GC.calloc with random bits causes slowdown, also seen in built in AA

Michael Rynn michaelrynn at optusnet.com.au
Wed Mar 10 17:33:32 PST 2010


Looked at the Associative Arrays project on http://www.dsource.org/
projects/aa, with the idea of testing and maybe uploading a trie class 
(radix tree)..

Ran the test program for PyDict noted the average result for consecutive 
runs of the one test it did, for  uint[unit]  associative arrays.

 This was very irritating, because of long wait for command line output. 
The test.d default sizes and number of runs were very big and only put 
out the average result at the end.

Changed test.d to output each individual run time.
The time for each individual run got progressively longer.

This was fixable by making the calloc block attribute be 
GC.BlkAttr.NO_SCAN.  So maybe the randomized uint bits confuse the 
garbage collector as it scans through.

In the PyDictD1 test code there was a call to disable the garbage 
collector.

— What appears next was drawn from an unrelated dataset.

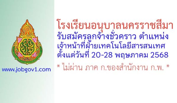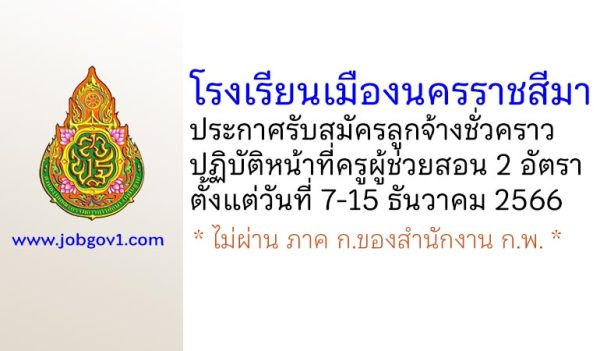 โรงเรียนเมืองนครราชสีมา รับสมัครลูกจ้างชั่วคราว ปฏิบัติหน้าที่เจ้าหน้าที่ธุรการฝ่ายบุคคล ตั้งแต่วันที่ 8-17 ธันวาคม 2568
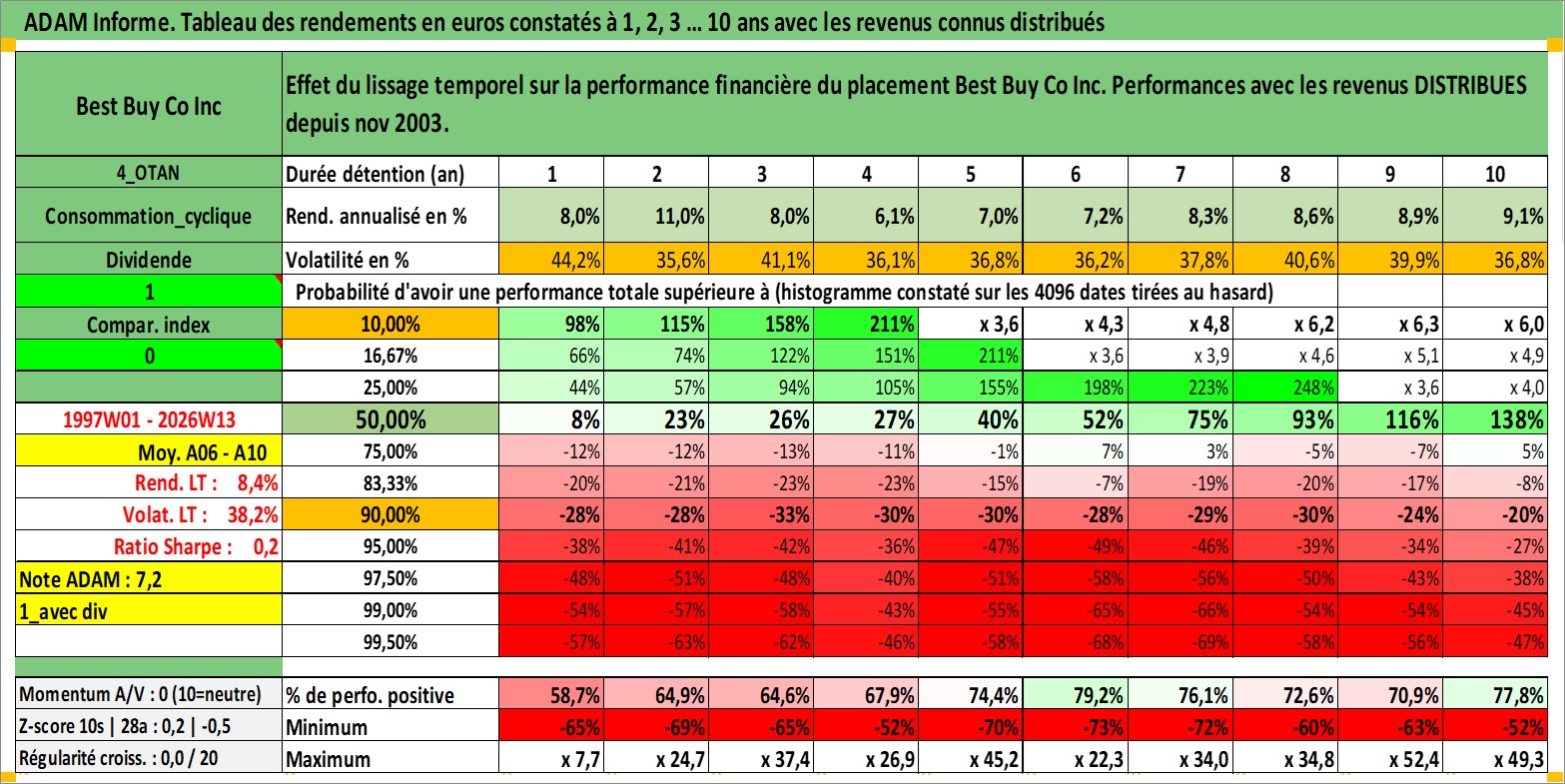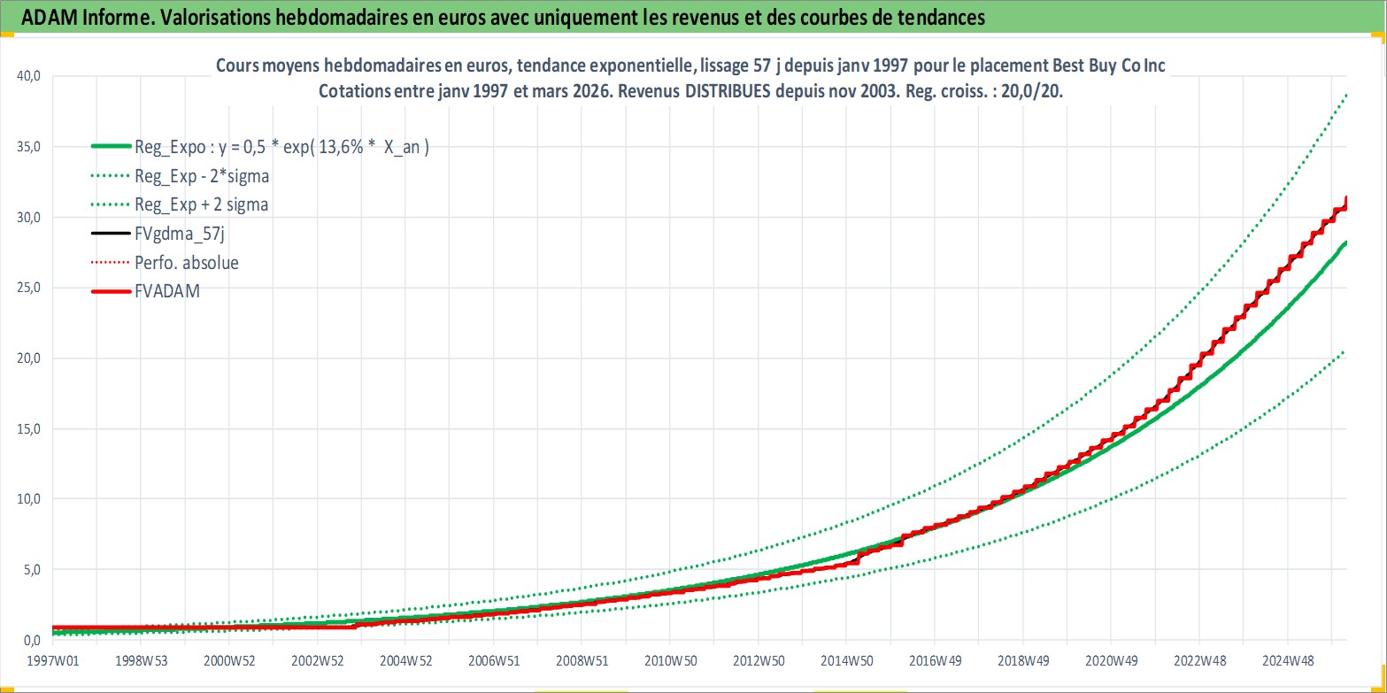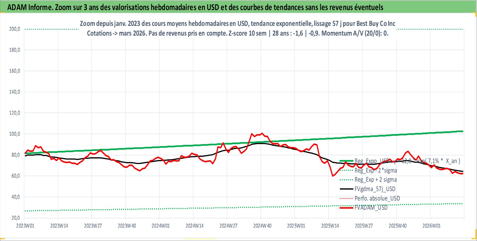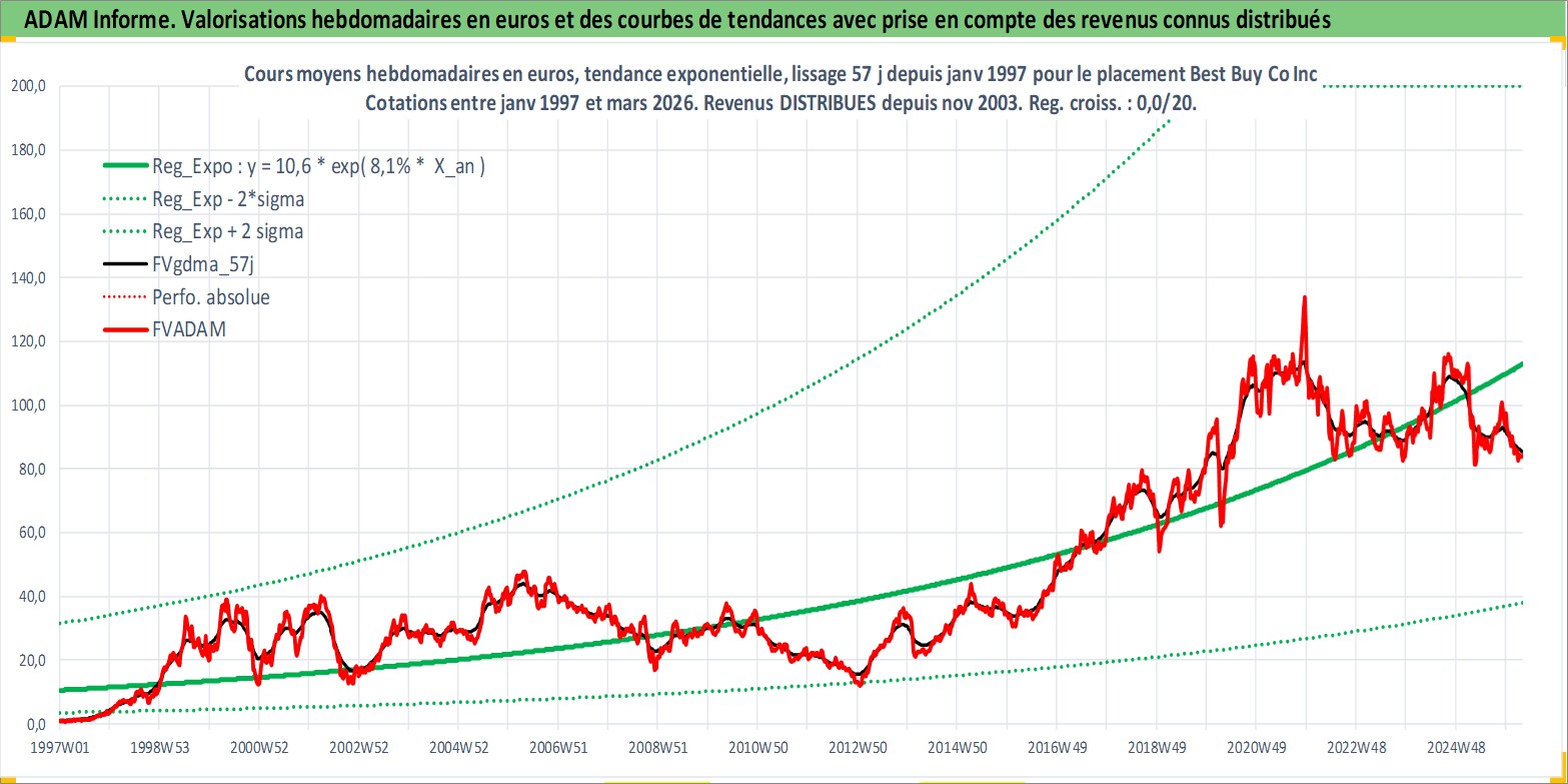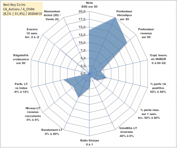 Site dédié aux investisseursPage dédiée sur site financeAnalyse des valorisations hebdomadaires de l'action Best Buy Co Inc. Cet actif est cote en USD. Les valorisations sont en contrevaleur EURO et couvrent les semaines 1997W01 a 2026W13. Les revenus de cet actif financier sont pris en compte depuis la semaine 2003W46. La note globale ESG de cet actif est estimee a 14.0 (apres rebasage entre 0 et 20).

Thats cheating.

I looked at the code for PyDictD2.d  and I decided that the table of 
struct Entry,  holding the key and value, for which calloc is used , 
could be replaced by a more D - like (its a template anyway) call to new 
Entry[size].  The size is always a power of 2. 

Is it better to use new Entry[] rather than calloc,  since the GC has a 
map of which values are pointers and which are not?  Hopefully just like 
real D code.

Ran the test again after removing the calloc, and the speed improved and 
the progressive run time increase went away.

For comparison, I also put in a wrapper class template for the built in D 
AA type, and did the same tests. For uint[unit] this also had a 
progressive slow down in run-time.  Same issue found for the D1 builtin 
AA.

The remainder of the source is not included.